The Jabra Elite Active 75t are fairly well-rounded truly wireless earbuds. They're the sports-oriented alternative to the recently released Jabra Elite 75t and successor to the popular Jabra Elite Active 65t. While they perform similarly to both models, they're now rated IP57 for greater water protection, although we don't have a test to confirm this. Their super compact design makes bringing them to the gym a breeze, and they have a versatile sound profile. While their battery life is a bit shorter than advertised, it's still not bad overall, especially since the case provides a couple additional charges. Unfortunately, they don't isolate noise as well as their predecessor and their sound profile isn't as neutral out-of-the-box, but they still provide an all-around solid listening experience.
The Jabra Elite Active 75t are decent truly wireless earbuds for most uses. While they don't have the most neutral sound, their excited sound profile is still very versatile for a wide range of genres. Their ultra-compact yet durable design makes them easy to throw into your bag whether you're headed to work or the gym. You might need to recharge them throughout the day, and they don't isolate noise as well as something with active noise cancelling, but they're still a solid choice for use as your daily drivers.
The Jabra Elite Active 75t are passable for neutral listening. While they don't have a truly neutral frequency response, it's well-balanced enough to please most listeners. However, a more trained ear might find they lack a bit of warmth and can sound a bit sharp at times.
The Jabra Elite Active 75t are a good choice for commute and travel. While they don't block out noise quite as well as their predecessor, the Elite Active 65t, they can still help make a noisy commute a little more peaceful. Their ultra-compact design also makes them very convenient for travelling since you don't have to worry too much about having enough space for them in your bag when you're on-the-go.

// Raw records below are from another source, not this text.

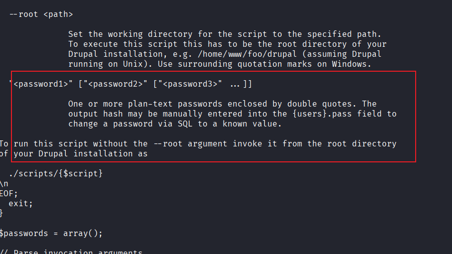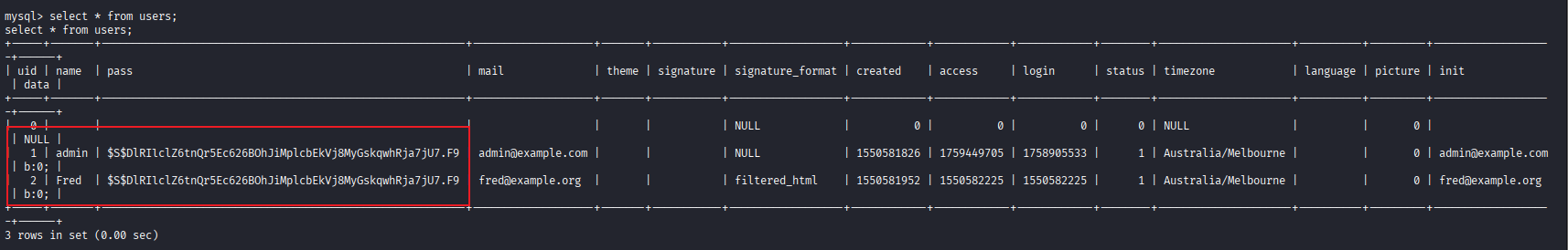 use drupaldb;update users set pass = "$S$DwSsuJZg9sNMnzfvkOg4EKvt7lMBdQ95kMfBrim.0EXmCA71skhh where name = 'admin' or name = 'Fred';
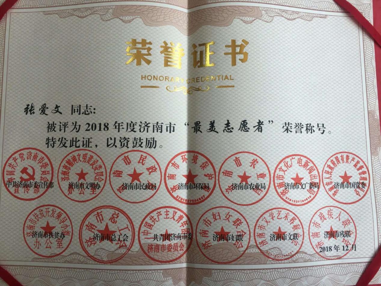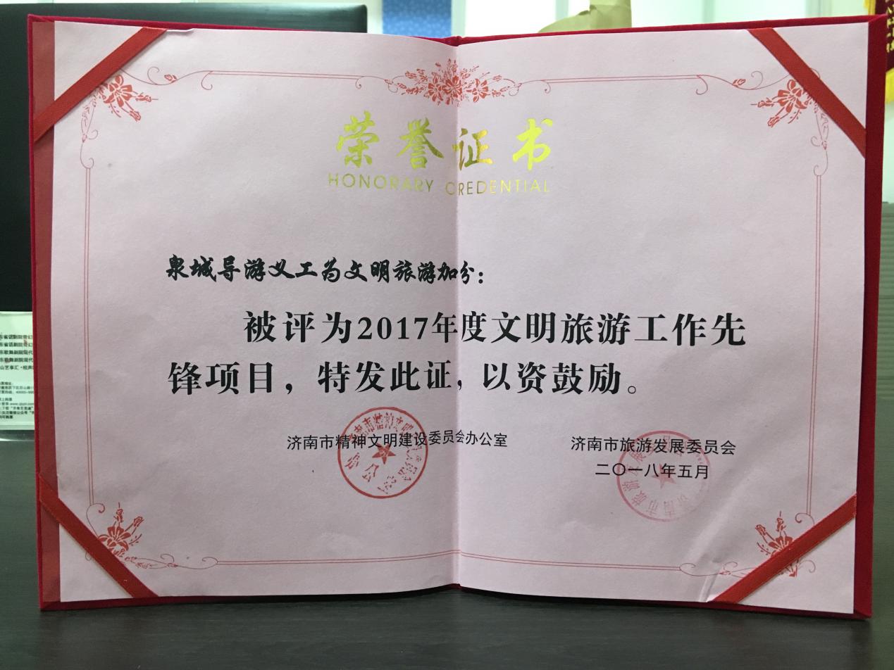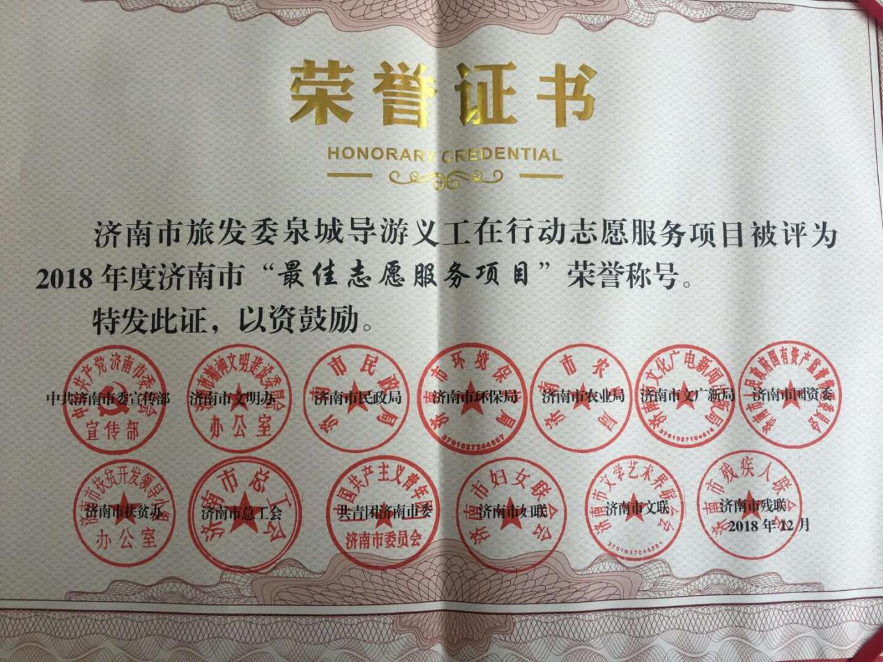 为贯彻落实习近平新时代中国特色社会主义思想和党的十九大精神,积极培育和践行社会主义核心价值观,推进学雷锋志愿服务制度化、常态化,济南市委宣传部、济南市文明办等部门和单位共同组织开展了2018年学雷锋志愿服务“四个100”先进典型评选活动,济南市旅游发展委员会“泉城导游义工在行动”入选济南市“最佳志愿服务项目”、泉城导游义工成员张爱文入选济南市“最美志愿者”先进典型。
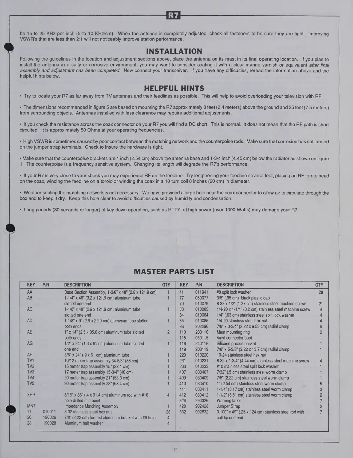 CUSHCRAFT R7 - Installation and Tuning; INSTALLATION; HELPFUL HINTS
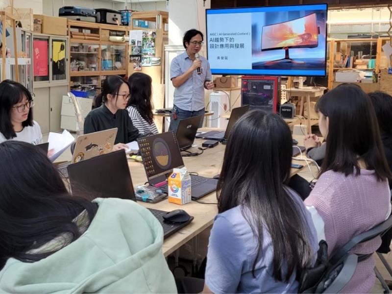 ▲創新與創意中心舉辦講座,邀請講師分享AI時代的設計應用,鼓勵學生結合專業所學與AI工具,打造解決生活痛點的創新方案。

The Jabra Elite Active 75t are great for sports.They have an excited sound profile to help keep you pumped while training and their controls are easy-to-use, even when you're working up a good sweat. Their compact design makes them easy to throw into your gym bag and they feel durable enough to handle your toughest workouts. They might not fit securely enough to be suitable for very high-impact exercises like kickboxing or gymnastics, but if you're running or working out they're a great choice.
The Jabra Elite Active 75t are decent for office use. They support multi-device pairing, so you can connect to both your personal phone and work PC at the same time, which is convenient. They won't take up much space on your desk, and they do a great job at reducing ambient workplace noises. However, their in-ear design might not ideal for long listening sessions, depending on the fit you can get.
The Jabra Elite Active 75t are truly wireless earbuds that only support Bluetooth. While you could game on your phone with them, you might notice some lag depending on the application. They're not recommended for PC gaming, nor are they compatible with the PS4 or Xbox One.
The Jabra Elite Active 75t are truly wireless earbuds that can't be used wired.
The Jabra Elite Active 75t are okay for phone calls. Like most Bluetooth headphones, their microphone quality isn't the best, but it's better than that of many other truly wireless earbuds we've tested. Their in-ear design also helps block out noises that could make it harder for you to hear the person you're on the phone with, which is helpful.
The Jabra Elite Active 75t have the same low-profile design as the Elite 75t, but with a more sports-oriented style. They have a sleek, matte finish that gives them a slightly more premium look overall, but the difference isn't as noticeable as it is between the older Jabra Elite 65t and Jabra Elite Active 65t. You can still tell the Jabra Elite Active 75t are a bit higher-end, though, and they're also available in more color options. Currently in the US you can get them in navy, copper black, or titanium black, but different color options are available internationally.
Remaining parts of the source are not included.